● **Problem**:
Omit the pictures, then reproduce every remaining record exactly.

Stored entries:
____

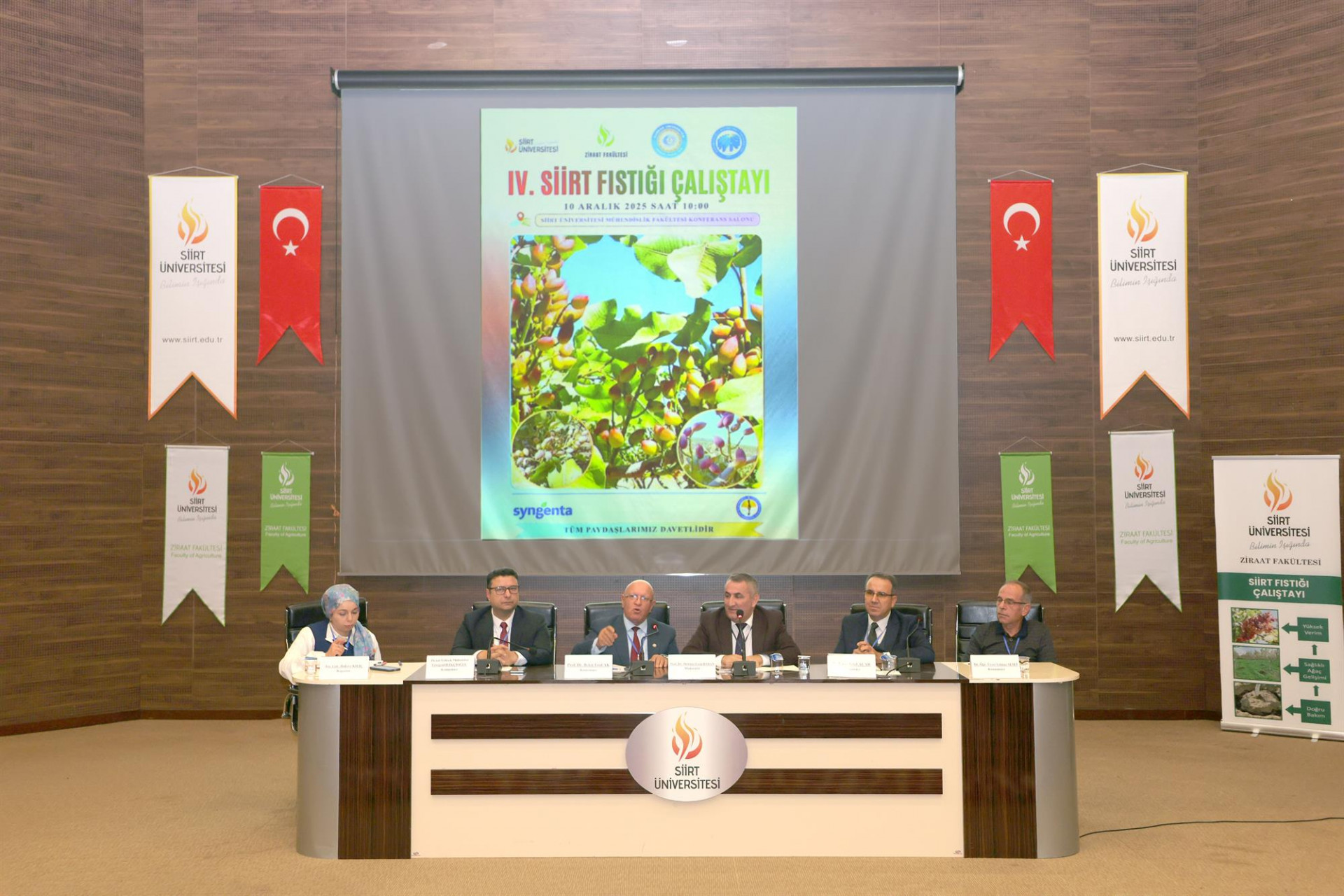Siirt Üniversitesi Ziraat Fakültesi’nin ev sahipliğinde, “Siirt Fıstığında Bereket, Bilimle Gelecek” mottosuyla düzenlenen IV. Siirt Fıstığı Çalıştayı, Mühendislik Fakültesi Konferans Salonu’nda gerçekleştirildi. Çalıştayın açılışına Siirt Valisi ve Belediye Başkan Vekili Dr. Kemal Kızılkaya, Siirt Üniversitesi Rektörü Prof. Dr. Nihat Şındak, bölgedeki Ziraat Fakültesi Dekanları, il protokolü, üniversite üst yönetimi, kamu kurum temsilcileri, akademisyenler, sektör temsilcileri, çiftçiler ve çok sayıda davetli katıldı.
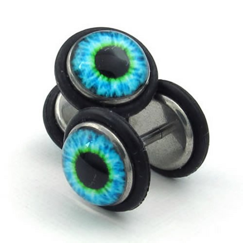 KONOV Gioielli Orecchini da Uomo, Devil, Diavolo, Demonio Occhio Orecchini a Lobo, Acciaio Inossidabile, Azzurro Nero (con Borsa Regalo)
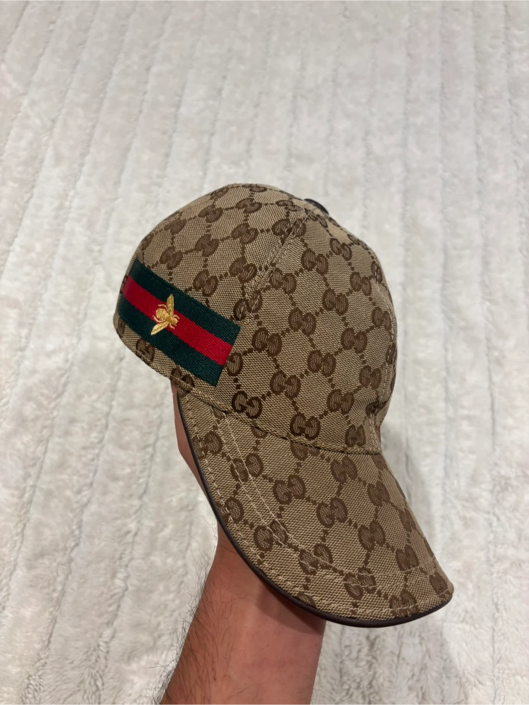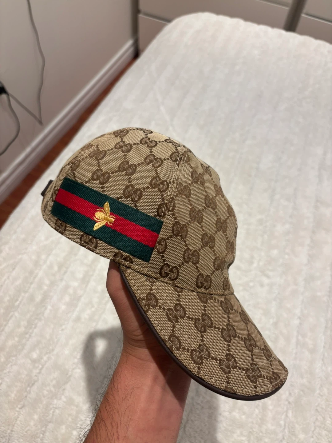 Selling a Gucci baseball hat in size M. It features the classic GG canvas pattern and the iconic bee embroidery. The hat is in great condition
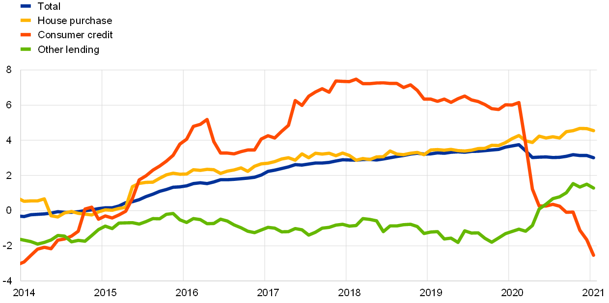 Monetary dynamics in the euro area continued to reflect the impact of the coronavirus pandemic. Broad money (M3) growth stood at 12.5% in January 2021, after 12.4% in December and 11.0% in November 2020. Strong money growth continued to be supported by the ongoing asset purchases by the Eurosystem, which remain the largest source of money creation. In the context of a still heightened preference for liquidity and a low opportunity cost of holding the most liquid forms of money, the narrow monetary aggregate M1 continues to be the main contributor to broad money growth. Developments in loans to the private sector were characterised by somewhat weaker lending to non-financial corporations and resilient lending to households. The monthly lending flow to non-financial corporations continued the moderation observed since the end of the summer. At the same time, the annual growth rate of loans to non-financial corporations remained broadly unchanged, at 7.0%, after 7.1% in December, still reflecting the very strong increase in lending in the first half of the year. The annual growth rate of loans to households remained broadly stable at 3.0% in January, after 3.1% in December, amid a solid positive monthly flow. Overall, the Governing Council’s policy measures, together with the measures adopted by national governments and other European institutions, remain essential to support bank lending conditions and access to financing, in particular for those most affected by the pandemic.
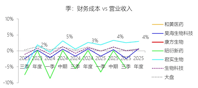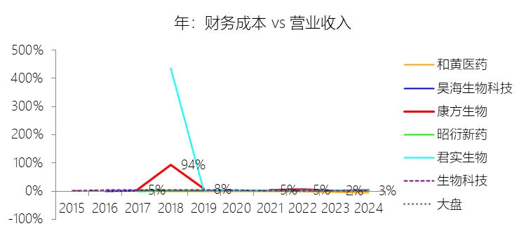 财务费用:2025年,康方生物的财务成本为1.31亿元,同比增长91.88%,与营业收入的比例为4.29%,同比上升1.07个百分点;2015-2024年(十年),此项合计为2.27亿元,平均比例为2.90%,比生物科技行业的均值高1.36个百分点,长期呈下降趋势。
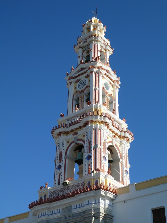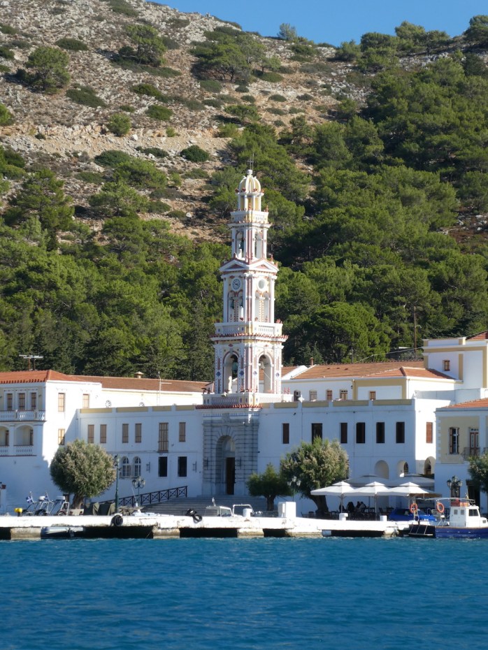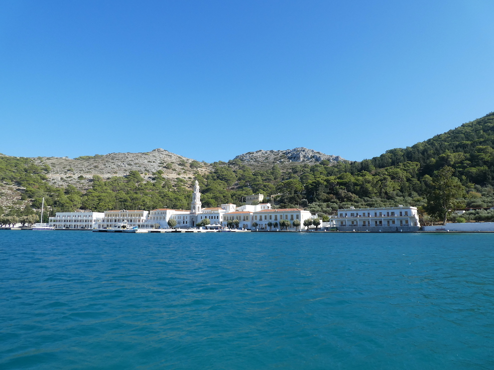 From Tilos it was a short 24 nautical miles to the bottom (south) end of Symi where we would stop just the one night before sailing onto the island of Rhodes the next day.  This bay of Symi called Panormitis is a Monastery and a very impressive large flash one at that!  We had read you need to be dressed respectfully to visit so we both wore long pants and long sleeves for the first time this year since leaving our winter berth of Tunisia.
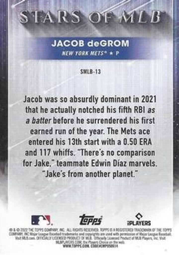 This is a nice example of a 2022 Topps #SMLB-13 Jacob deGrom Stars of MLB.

____

● **Answer space**:
Siirt Üniversitesi Ziraat Fakültesi’nin ev sahipliğinde, “Siirt Fıstığında Bereket, Bilimle Gelecek” mottosuyla düzenlenen IV. Siirt Fıstığı Çalıştayı, Mühendislik Fakültesi Konferans Salonu’nda gerçekleştirildi. Çalıştayın açılışına Siirt Valisi ve Belediye Başkan Vekili Dr. Kemal Kızılkaya, Siirt Üniversitesi Rektörü Prof. Dr. Nihat Şındak, bölgedeki Ziraat Fakültesi Dekanları, il protokolü, üniversite üst yönetimi, kamu kurum temsilcileri, akademisyenler, sektör temsilcileri, çiftçiler ve çok sayıda davetli katıldı.
 KONOV Gioielli Orecchini da Uomo, Devil, Diavolo, Demonio Occhio Orecchini a Lobo, Acciaio Inossidabile, Azzurro Nero (con Borsa Regalo)
 Selling a Gucci baseball hat in size M. It features the classic GG canvas pattern and the iconic bee embroidery. The hat is in great condition
 Monetary dynamics in the euro area continued to reflect the impact of the coronavirus pandemic. Broad money (M3) growth stood at 12.5% in January 2021, after 12.4% in December and 11.0% in November 2020. Strong money growth continued to be supported by the ongoing asset purchases by the Eurosystem, which remain the largest source of money creation. In the context of a still heightened preference for liquidity and a low opportunity cost of holding the most liquid forms of money, the narrow monetary aggregate M1 continues to be the main contributor to broad money growth. Developments in loans to the private sector were characterised by somewhat weaker lending to non-financial corporations and resilient lending to households. The monthly lending flow to non-financial corporations continued the moderation observed since the end of the summer. At the same time, the annual growth rate of loans to non-financial corporations remained broadly unchanged, at 7.0%, after 7.1% in December, still reflecting the very strong increase in lending in the first half of the year. The annual growth rate of loans to households remained broadly stable at 3.0% in January, after 3.1% in December, amid a solid positive monthly flow. Overall, the Governing Council’s policy measures, together with the measures adopted by national governments and other European institutions, remain essential to support bank lending conditions and access to financing, in particular for those most affected by the pandemic.
 财务费用:2025年,康方生物的财务成本为1.31亿元,同比增长91.88%,与营业收入的比例为4.29%,同比上升1.07个百分点;2015-2024年(十年),此项合计为2.27亿元,平均比例为2.90%,比生物科技行业的均值高1.36个百分点,长期呈下降趋势。
 From Tilos it was a short 24 nautical miles to the bottom (south) end of Symi where we would stop just the one night before sailing onto the island of Rhodes the next day.  This bay of Symi called Panormitis is a Monastery and a very impressive large flash one at that!  We had read you need to be dressed respectfully to visit so we both wore long pants and long sleeves for the first time this year since leaving our winter berth of Tunisia.
 This is a nice example of a 2022 Topps #SMLB-13 Jacob deGrom Stars of MLB.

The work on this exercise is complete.